### WORK ORDER
The answer must consist solely of the lines from the start of the records through the line containing "Léon Frederic: Potok.", restated word for word, with no pictures.

(Data records)
■ ■ ■ ■ ■ ■ ■

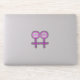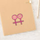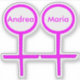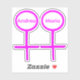 This awesome shaped sticker is designed for lesbians. It features two pink female symbols standing side by side. The background is black and there is customizable pink text inside each of the symbols to put names.
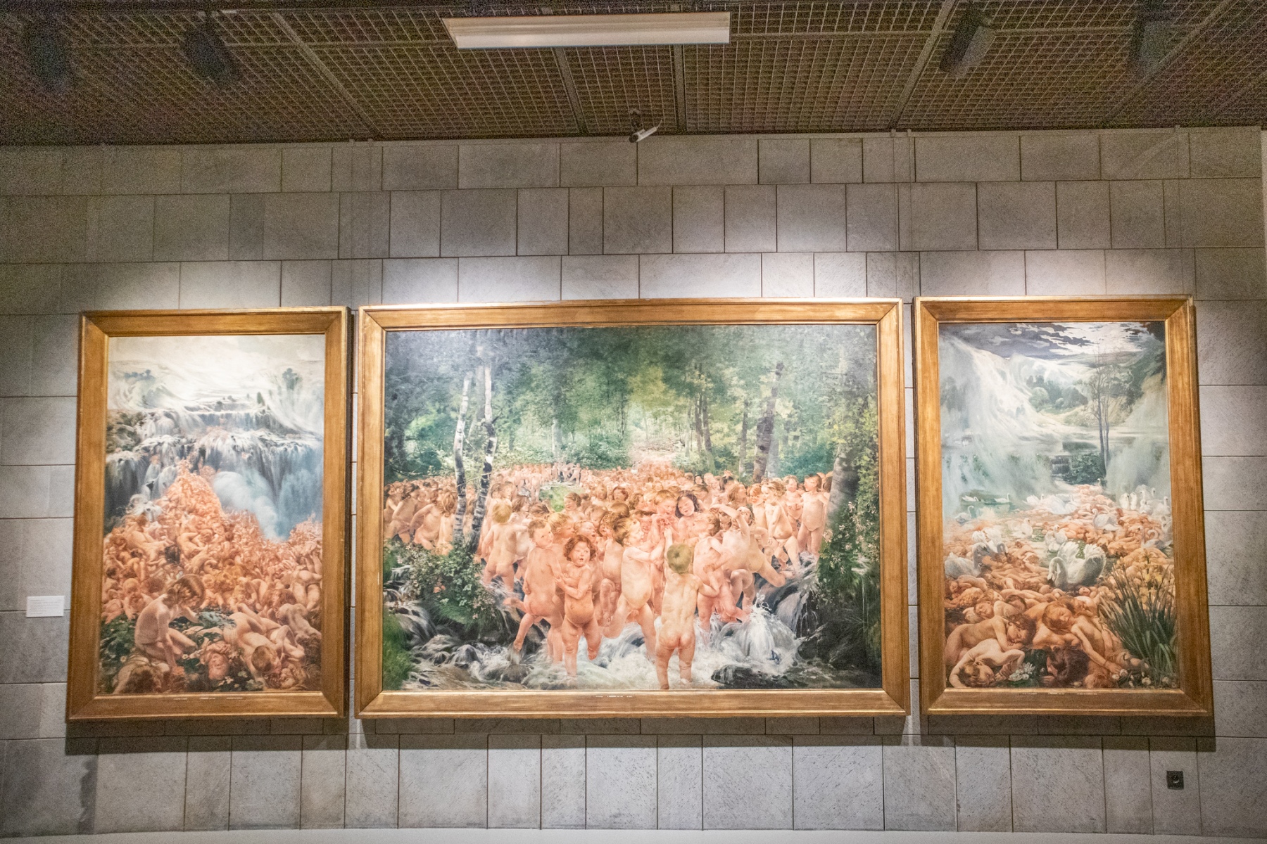 Léon Frederic: Potok. Ľavý panel: Ľadovec – horský potok; centrálny panel: Potok; pravý panel: Jazero – spiaca voda, 1890-1899, olej na plátne, 127,5x205 cm (ľavý a pravý panel) a 282x206 cm (stredný panel) (foto: KUNSTARTUM)
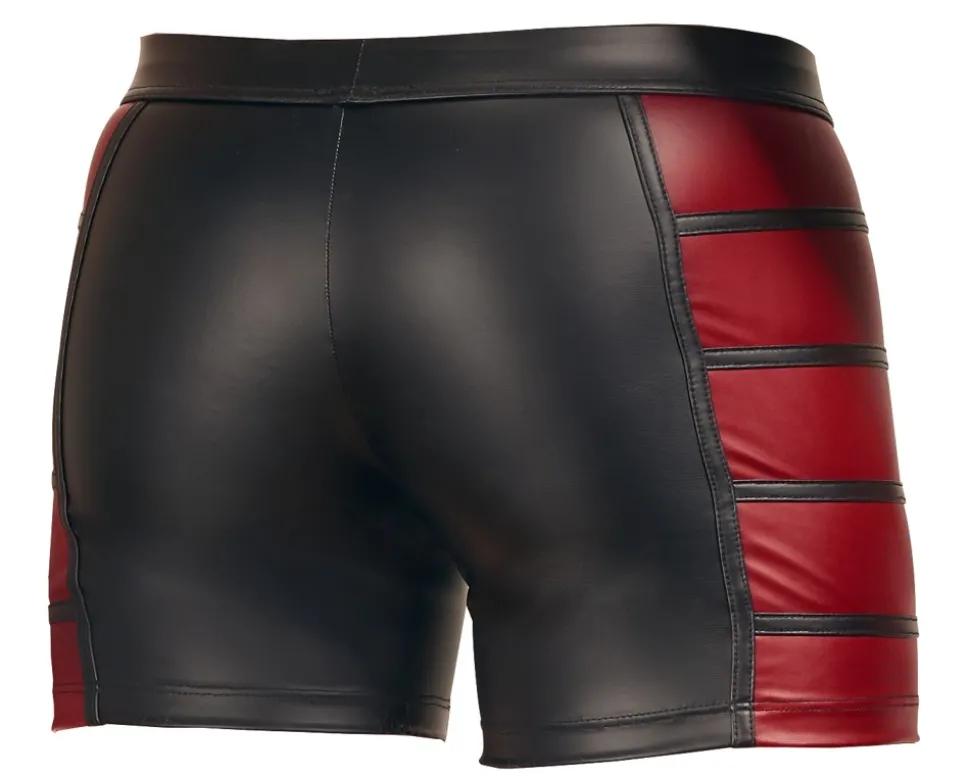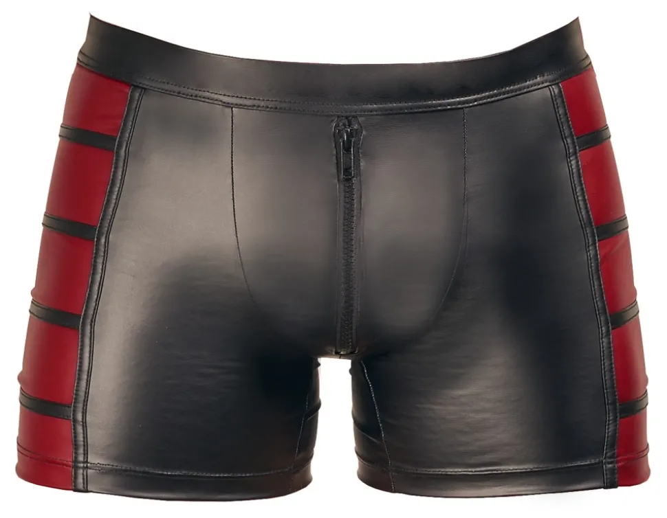 Schwarze Pants von NEK im trendigen Mattlook mit roten Einsätzen jeweils seitlich. Vorne mit unterlegtem Reißverschluss, der sich für praktische und erotische Zwecke schnell öffnen lässt. Fantastisch elastisch für hervorragenden Tragekomfort.
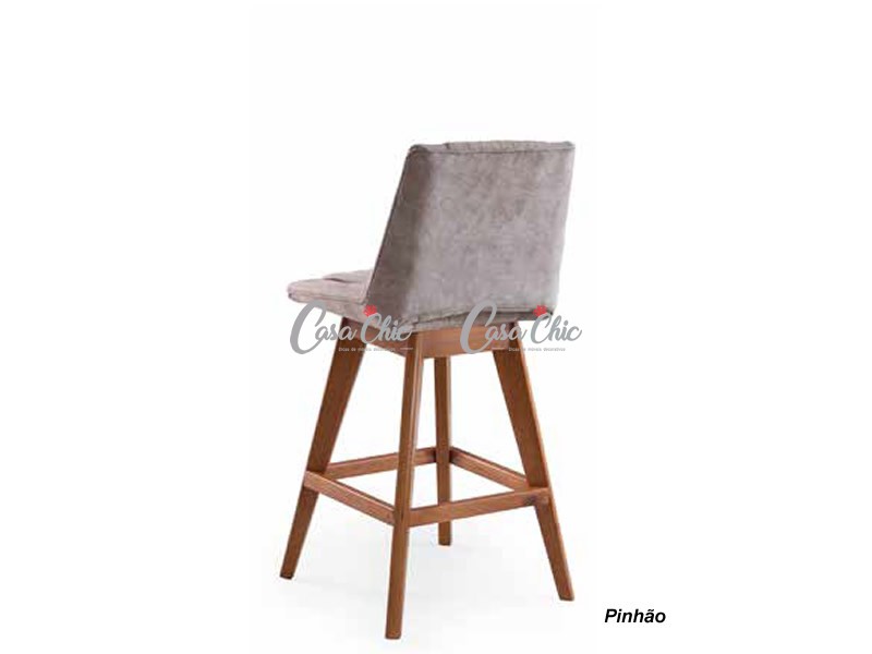 Possui assento e encosto estofado, A banqueta possui detalhes em costura no assento e encosto
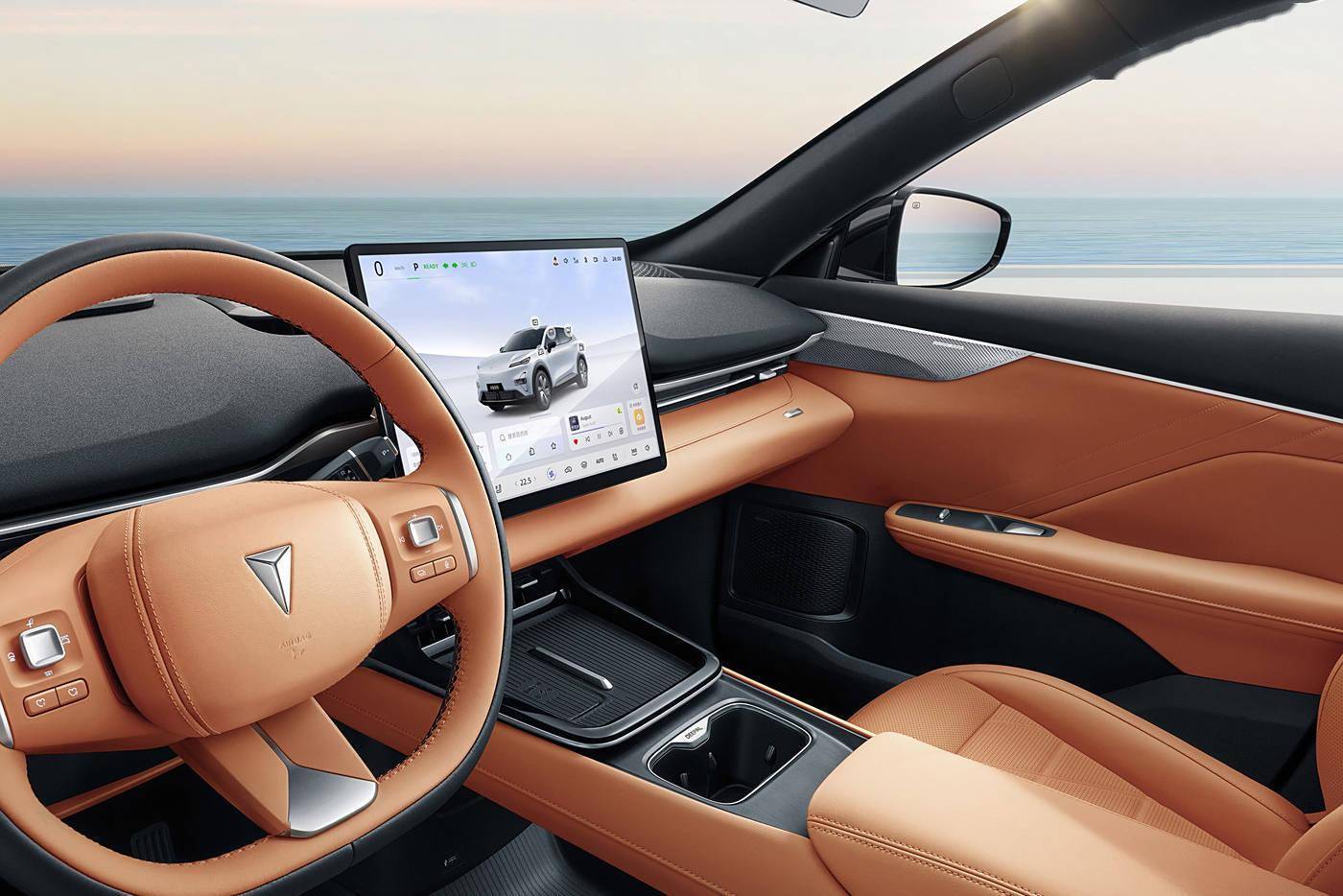 内饰方面,新车采用全新的设计风格,平直的中控台线条配合三辐式多功能方向盘、悬浮式中控屏,整体营造出不错的视觉效果。同时,贯穿式的空调出风口造型也丰富了其中控台的视觉层次感。此外,该车在手枕处配有手机放置区域或配备无线充电功能。

■ ■ ■ ■ ■ ■ ■

### RESULT
 This awesome shaped sticker is designed for lesbians. It features two pink female symbols standing side by side. The background is black and there is customizable pink text inside each of the symbols to put names.
 Léon Frederic: Potok. Ľavý panel: Ľadovec – horský potok; centrálny panel: Potok; pravý panel: Jazero – spiaca voda, 1890-1899, olej na plátne, 127,5x205 cm (ľavý a pravý panel) a 282x206 cm (stredný panel) (foto: KUNSTARTUM)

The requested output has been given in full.